Basically, diagnostic interpretations in Pap test practice involve subjective assessments of cytomorphology depending on interpretive constructs, clinical context, and cytologists’ expertise; they thus remain a complex skill set.2,5,6 The raising of diagnoses is based upon detection of recognized diagnostic criteria through screening and after prudent consideration for likely cytomorphologic overlap and diagnostic pitfalls.5 Since the introduction of Papanicolaou’s vaginal fluid smear method in 194317 false-negative reporting remains an inherent limitation and foremost indicator of overall practice.2,5,8,10,18, 19, 20, 21, 22, 23, 24 Digital technology may be primed to lessen such limitations. The data reported herein support the contention that BestCyte technology may pose a robust alternate to MM by enhancing interobserver diagnostic concordance by standardizing objectivity; thus, may also lead to improved specificity and sensitivity values.3,4
According to the literature, false-negative reporting in the conventional Pap smear experience ranges 10%–50%18,20, 21, 22, 23 primarily because of 2 probable factors: (i) Sampling error, and (ii) laboratory error.18,23 In the former, suboptimal clinical sampling may result in poorly sampled cervical lesions, thus in specimens that may contain few abnormal cells. In the latter, suboptimal laboratory processing or screening practice may prove singularly or collectively deficient to spot and interpret few salvaged abnormal cells with precision.18,20,23,24 A relevant object-perception phenomenon described by DeCresce and Lifshitz19 is “Psychological Habituation”. In the cytopathology setting, either through primary screening or rescreening for reporting, cytologists are searching for rare events when the “vast majority of objects examined are not of concern”.19 That is, cytologists may become unintentionally desensitized to subtle cellular aberrations when normal cells exceedingly outnumber abnormal cells. This phenomenon may become increasingly adverse if few diagnostically significant cells in samples are randomized without spatial patterns as in smears. Mukherjee et al25 investigated aspects of this phenomenon by measuring patterns of students’ eye fixation upon clinically significant cells relative to non-significant cells. Nevertheless, due to the physical and mental processes involved in Pap test screening practice and reporting, and particularly for conventional smears, the overall practice is labor-intensive and exacerbated by tediousness, monotony, and fatigue,18,23 all which may potentially contribute to reporting error.

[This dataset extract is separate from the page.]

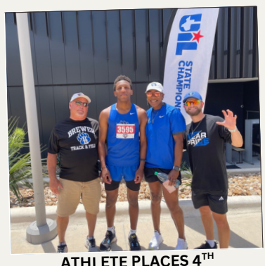
ATHLETE PLACES 4TH AT UIL STATE TRACK MEET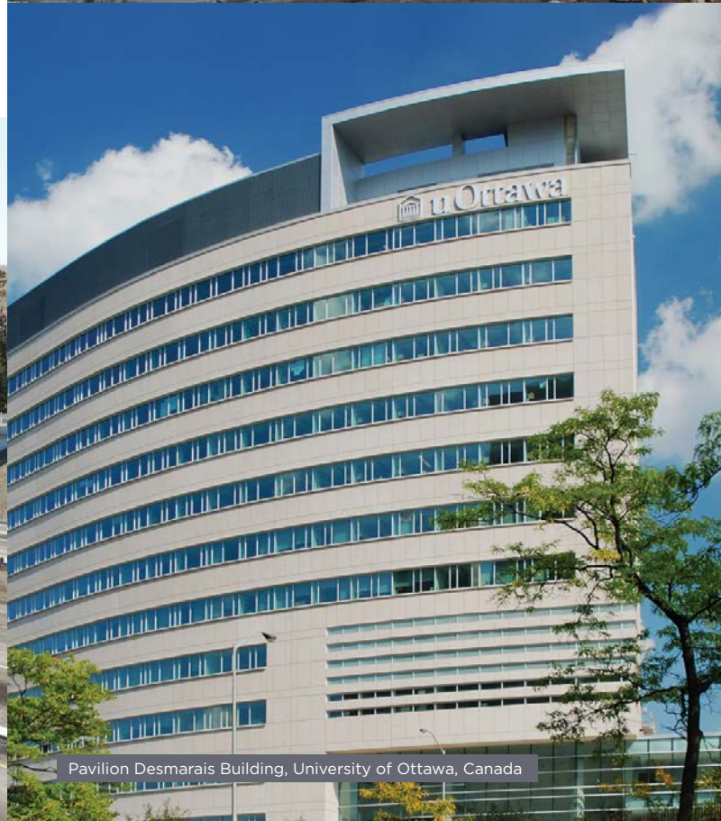
Pavilion Desmarais Building, University of Ottawa, Canada

Engineer: Hatch Mott MacDonald, Mississauga

Such challenges inspired the development of LBC. Yet, whereas LBC thin-layers yield randomized cells from subpopulations of clinical specimens, they may also yield fewer abnormal cells relative to smears.19 Following commercial PAPNET rollout in 1992, investigative work to assess its impact in detecting abnormal cells by prompting QC MM produced insights pertaining to the problem of unseen diagnostic cells in smears. While varied, reported insights raised needed awareness of the parameters impacting screening performance. In 1996, Farnsworth et al23 reported a 7% increase in the detection rates for missed abnormalities when MM was triggered by PAPNET. Also in 1996, after reviewing cases (preceding the emergence of HSIL cervical lesions), Mango21 reported that most false-negative cases had few undetected diagnostic cells in smears and typically of smaller size. Furthermore, Boon and Kok24 reported that from 10 false-negative conventional smears discovered through PAPNET-triggered MM, 8 cases revealed cervical cancer cells entirely in epithelial fragments; and, less than 5 abnormal cells were identified in another 2 cases studied. Consequently, in 1997, Wilbur26 stressed that in cases reassessed as being HSIL after focused MM rescreening, the detection of few, isolated, small ‘immature metaplastic’ dysplastic cells manifested a common observation.
Of importance, therefore, are innovative tools that may attract cytologists’ attention alerting them to the likely presence of abnormal cells, and preferably to diagnostic criteria upon which to raise confident interpretations. The balance between digital detection of potentially few abnormal cells in cases and cytologists’ distraction from multitudes of normal cells in sample milieus were core objectives in the overall design, and R&D of BestCyte technology.4
Table 1 and Fig. 5 illustrate the conceivable association between cells of typically decreasing sizes appearing in ThinPrep thin-layers and cytologists’ interpretive concurrence using BestCyte galleries. Apart from 2 cases of CA in this study, HSIL TRDx were established from the highest number of 4 of 4 concordant diagnoses (66.2%) reflecting 45 of the 68 HSIL cases raised between the MM predicate variable and the 3 independent cytologists using BestCyte. Similarly, apart from 11 of the 13 UNSAT cases, ASCH TRDx were set from 77.8% of 3 of 4 concordant diagnoses reflecting 7 of the 9 ASCH diagnoses considered based on few, immature abnormal cells. Antithetically, HSIL TRDx were set from the lowest number (4.4%) of 2 of 4 concordant diagnoses reflecting 3 of the 68 HSIL diagnoses raised. These findings infer that the HSIL TRDx were associated with the least degree of diagnostic uncertainty compared to all other Bethesda TRDx established in this study; most of which HSIL cases produced images of small dysplastic cells appearing either singly in tiles or in small clusters as noted in Fig. 3. Notably, no cases with 4 discordant independent diagnoses were recorded in this study. Overall, these findings are taken to reflect BestCyte’s capacity to detect and display images of cells in dedicated galleries effectively; however, also due to the standardized projections of diagnostic criteria conducive to diagnostic concurrence between cytologists.
These assertions are furthermore supported by the NILM TRDx in this study. Normal cases may include greater varieties of small cell-types of potentially equivalent size to dysplastic cells characteristic of HSIL depending on degree of fixation, cytopreparation, and Papanicolaou staining, as: Basal cells, parabasal cells, immature metaplastic cells, histiocytes, lymphocytes, and isolated endometrial cells. Such cells and their potentially similar cytomorphology constitute differential considerations for HSIL diagnoses. Yet, the NILM TRDx are associated with the second highest number (59.3%) of 4 of 4 concordant diagnoses raised in this study reflecting 143 of the 241 NILM diagnoses, and inversely with 8.3% of 2 of 4 diagnostic concordances.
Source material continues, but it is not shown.